Dataset records:
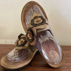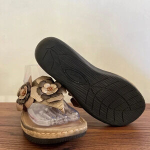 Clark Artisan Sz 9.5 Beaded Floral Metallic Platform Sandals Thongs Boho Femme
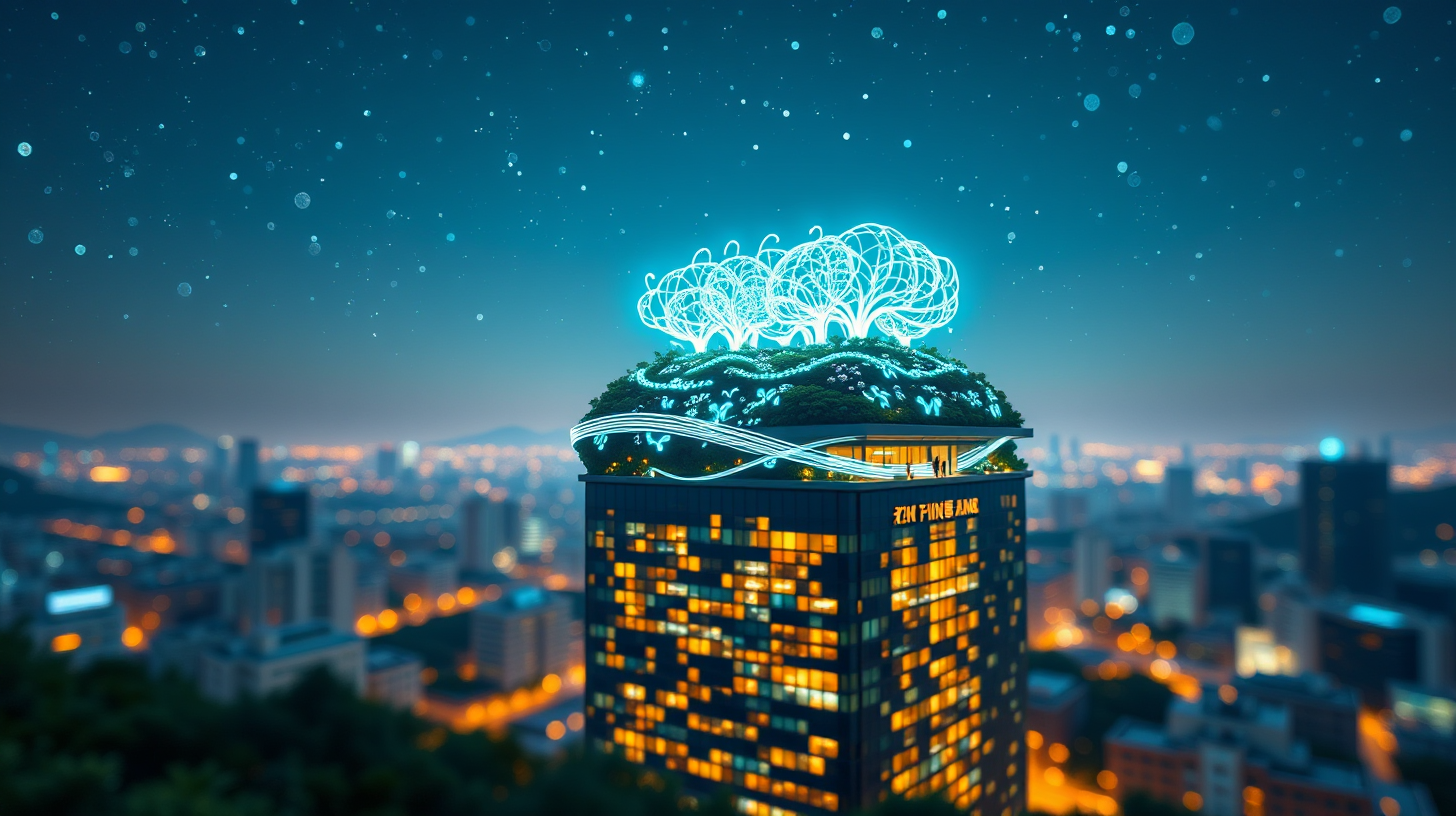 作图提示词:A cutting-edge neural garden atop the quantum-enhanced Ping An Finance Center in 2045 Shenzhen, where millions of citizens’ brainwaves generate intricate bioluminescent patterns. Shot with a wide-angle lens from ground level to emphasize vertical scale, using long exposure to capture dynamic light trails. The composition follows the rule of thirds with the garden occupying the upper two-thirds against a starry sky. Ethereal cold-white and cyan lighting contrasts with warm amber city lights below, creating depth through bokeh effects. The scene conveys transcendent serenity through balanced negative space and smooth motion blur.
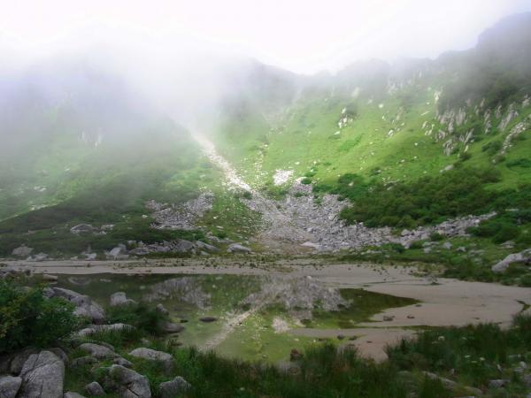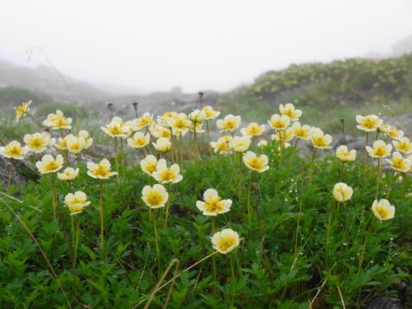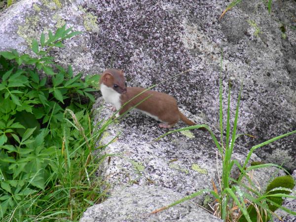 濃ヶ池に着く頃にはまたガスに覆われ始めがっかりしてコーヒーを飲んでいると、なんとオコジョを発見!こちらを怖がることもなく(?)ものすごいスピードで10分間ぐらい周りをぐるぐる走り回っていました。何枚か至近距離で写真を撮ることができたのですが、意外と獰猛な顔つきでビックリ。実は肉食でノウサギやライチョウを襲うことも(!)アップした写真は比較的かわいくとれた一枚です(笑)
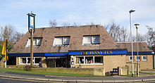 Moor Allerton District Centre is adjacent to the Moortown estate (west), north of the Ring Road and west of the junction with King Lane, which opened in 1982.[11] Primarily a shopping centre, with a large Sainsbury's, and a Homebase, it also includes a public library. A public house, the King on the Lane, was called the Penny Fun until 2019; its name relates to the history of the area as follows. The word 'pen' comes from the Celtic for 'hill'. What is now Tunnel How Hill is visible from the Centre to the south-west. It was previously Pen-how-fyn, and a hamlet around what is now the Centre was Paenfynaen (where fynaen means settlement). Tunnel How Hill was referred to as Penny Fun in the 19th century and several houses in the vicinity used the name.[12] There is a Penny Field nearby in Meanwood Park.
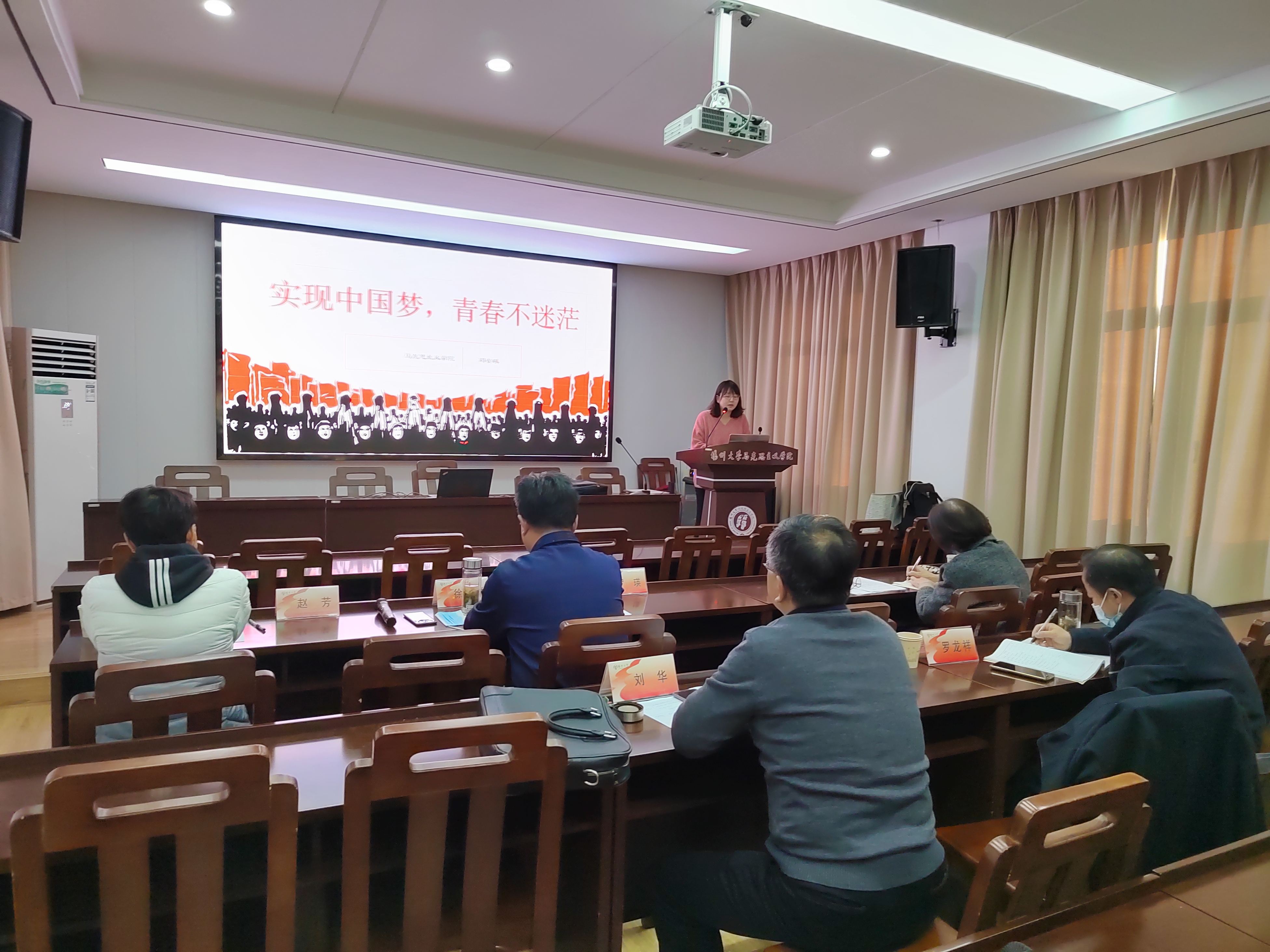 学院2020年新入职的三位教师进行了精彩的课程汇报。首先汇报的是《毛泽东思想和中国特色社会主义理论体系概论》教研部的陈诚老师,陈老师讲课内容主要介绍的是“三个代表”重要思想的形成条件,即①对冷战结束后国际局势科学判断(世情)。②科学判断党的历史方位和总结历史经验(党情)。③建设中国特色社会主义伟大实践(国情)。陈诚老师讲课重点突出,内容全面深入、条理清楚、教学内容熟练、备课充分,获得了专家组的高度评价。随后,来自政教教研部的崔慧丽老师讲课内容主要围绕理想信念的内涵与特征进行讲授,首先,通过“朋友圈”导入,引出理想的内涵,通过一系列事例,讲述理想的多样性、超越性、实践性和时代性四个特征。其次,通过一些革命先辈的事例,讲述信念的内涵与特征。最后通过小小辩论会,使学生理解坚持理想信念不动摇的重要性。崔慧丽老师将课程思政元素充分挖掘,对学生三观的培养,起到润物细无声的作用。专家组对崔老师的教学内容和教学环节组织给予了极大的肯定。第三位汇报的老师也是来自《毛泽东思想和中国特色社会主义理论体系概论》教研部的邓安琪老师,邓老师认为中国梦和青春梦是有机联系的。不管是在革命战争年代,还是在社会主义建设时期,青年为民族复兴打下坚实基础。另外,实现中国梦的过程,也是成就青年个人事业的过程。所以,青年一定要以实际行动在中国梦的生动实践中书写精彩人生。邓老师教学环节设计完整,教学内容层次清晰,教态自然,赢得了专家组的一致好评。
--
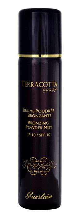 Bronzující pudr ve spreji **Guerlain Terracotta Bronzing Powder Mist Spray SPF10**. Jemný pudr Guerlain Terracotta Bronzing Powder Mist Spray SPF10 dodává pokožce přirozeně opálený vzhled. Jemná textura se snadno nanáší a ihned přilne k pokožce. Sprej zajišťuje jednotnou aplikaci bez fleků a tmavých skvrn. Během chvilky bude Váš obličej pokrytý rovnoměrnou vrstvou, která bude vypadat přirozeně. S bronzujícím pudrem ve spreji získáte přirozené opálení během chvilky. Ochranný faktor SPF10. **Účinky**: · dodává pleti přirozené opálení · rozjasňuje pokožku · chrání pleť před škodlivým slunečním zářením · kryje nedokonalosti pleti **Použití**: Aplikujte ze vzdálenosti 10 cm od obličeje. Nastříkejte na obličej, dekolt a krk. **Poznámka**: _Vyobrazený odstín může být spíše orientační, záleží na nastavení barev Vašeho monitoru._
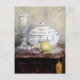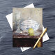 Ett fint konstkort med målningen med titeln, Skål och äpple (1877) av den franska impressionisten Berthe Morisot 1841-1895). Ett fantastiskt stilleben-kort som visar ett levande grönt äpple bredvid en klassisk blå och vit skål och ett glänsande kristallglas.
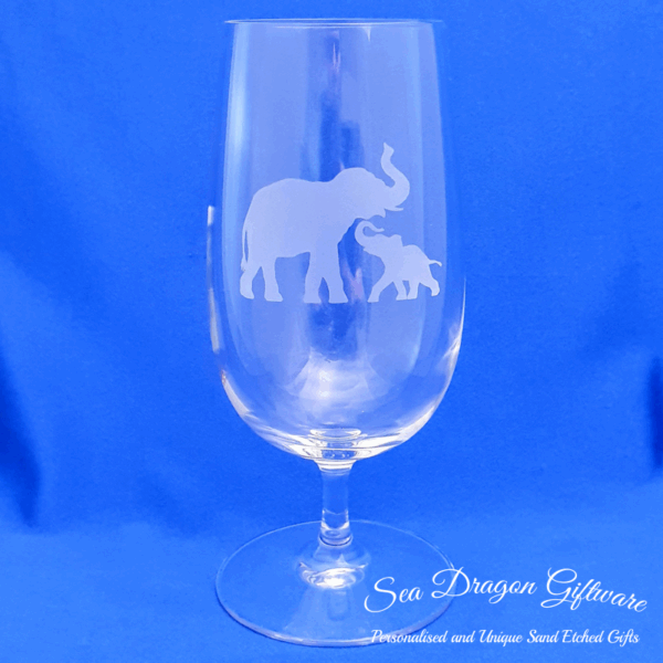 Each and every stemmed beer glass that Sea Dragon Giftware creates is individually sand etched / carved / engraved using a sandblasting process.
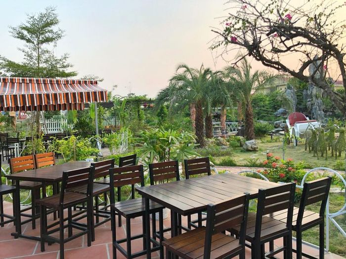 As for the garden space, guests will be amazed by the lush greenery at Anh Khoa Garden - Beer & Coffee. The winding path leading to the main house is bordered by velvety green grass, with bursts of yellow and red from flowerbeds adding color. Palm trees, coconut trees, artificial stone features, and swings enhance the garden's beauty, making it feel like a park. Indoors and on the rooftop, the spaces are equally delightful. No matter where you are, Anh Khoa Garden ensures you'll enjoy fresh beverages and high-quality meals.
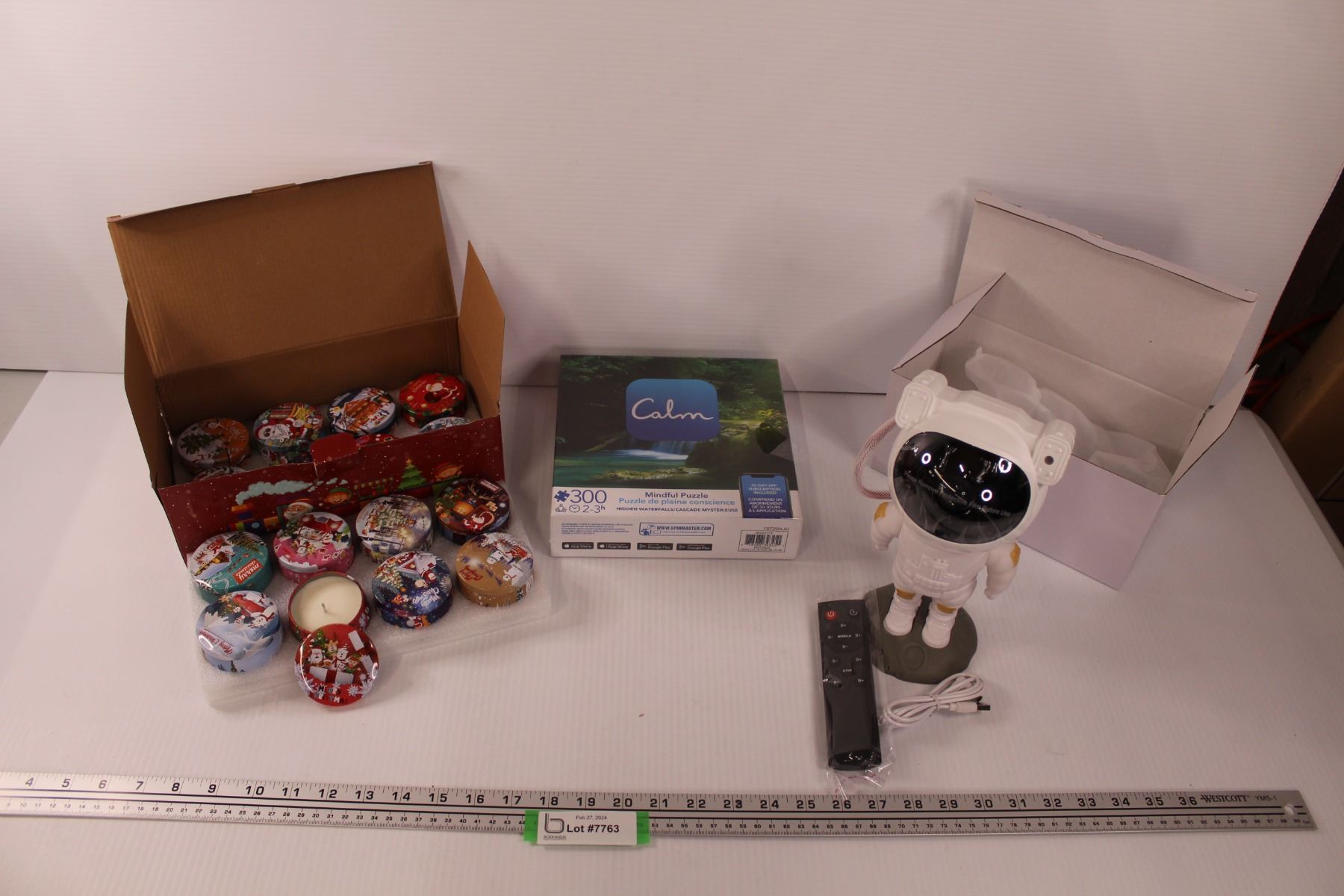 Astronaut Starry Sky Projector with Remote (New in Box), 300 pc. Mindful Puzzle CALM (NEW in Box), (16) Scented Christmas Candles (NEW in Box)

What you have to do. Word for word, repeat the lines above from the one with "濃ヶ池に着く頃にはまたガスに" through the one with "学院2020年新入职的三位教", and nothing beyond them. Omit the pictures.

Task output.
 濃ヶ池に着く頃にはまたガスに覆われ始めがっかりしてコーヒーを飲んでいると、なんとオコジョを発見!こちらを怖がることもなく(?)ものすごいスピードで10分間ぐらい周りをぐるぐる走り回っていました。何枚か至近距離で写真を撮ることができたのですが、意外と獰猛な顔つきでビックリ。実は肉食でノウサギやライチョウを襲うことも(!)アップした写真は比較的かわいくとれた一枚です(笑)
 Moor Allerton District Centre is adjacent to the Moortown estate (west), north of the Ring Road and west of the junction with King Lane, which opened in 1982.[11] Primarily a shopping centre, with a large Sainsbury's, and a Homebase, it also includes a public library. A public house, the King on the Lane, was called the Penny Fun until 2019; its name relates to the history of the area as follows. The word 'pen' comes from the Celtic for 'hill'. What is now Tunnel How Hill is visible from the Centre to the south-west. It was previously Pen-how-fyn, and a hamlet around what is now the Centre was Paenfynaen (where fynaen means settlement). Tunnel How Hill was referred to as Penny Fun in the 19th century and several houses in the vicinity used the name.[12] There is a Penny Field nearby in Meanwood Park.
 学院2020年新入职的三位教师进行了精彩的课程汇报。首先汇报的是《毛泽东思想和中国特色社会主义理论体系概论》教研部的陈诚老师,陈老师讲课内容主要介绍的是“三个代表”重要思想的形成条件,即①对冷战结束后国际局势科学判断(世情)。②科学判断党的历史方位和总结历史经验(党情)。③建设中国特色社会主义伟大实践(国情)。陈诚老师讲课重点突出,内容全面深入、条理清楚、教学内容熟练、备课充分,获得了专家组的高度评价。随后,来自政教教研部的崔慧丽老师讲课内容主要围绕理想信念的内涵与特征进行讲授,首先,通过“朋友圈”导入,引出理想的内涵,通过一系列事例,讲述理想的多样性、超越性、实践性和时代性四个特征。其次,通过一些革命先辈的事例,讲述信念的内涵与特征。最后通过小小辩论会,使学生理解坚持理想信念不动摇的重要性。崔慧丽老师将课程思政元素充分挖掘,对学生三观的培养,起到润物细无声的作用。专家组对崔老师的教学内容和教学环节组织给予了极大的肯定。第三位汇报的老师也是来自《毛泽东思想和中国特色社会主义理论体系概论》教研部的邓安琪老师,邓老师认为中国梦和青春梦是有机联系的。不管是在革命战争年代,还是在社会主义建设时期,青年为民族复兴打下坚实基础。另外,实现中国梦的过程,也是成就青年个人事业的过程。所以,青年一定要以实际行动在中国梦的生动实践中书写精彩人生。邓老师教学环节设计完整,教学内容层次清晰,教态自然,赢得了专家组的一致好评。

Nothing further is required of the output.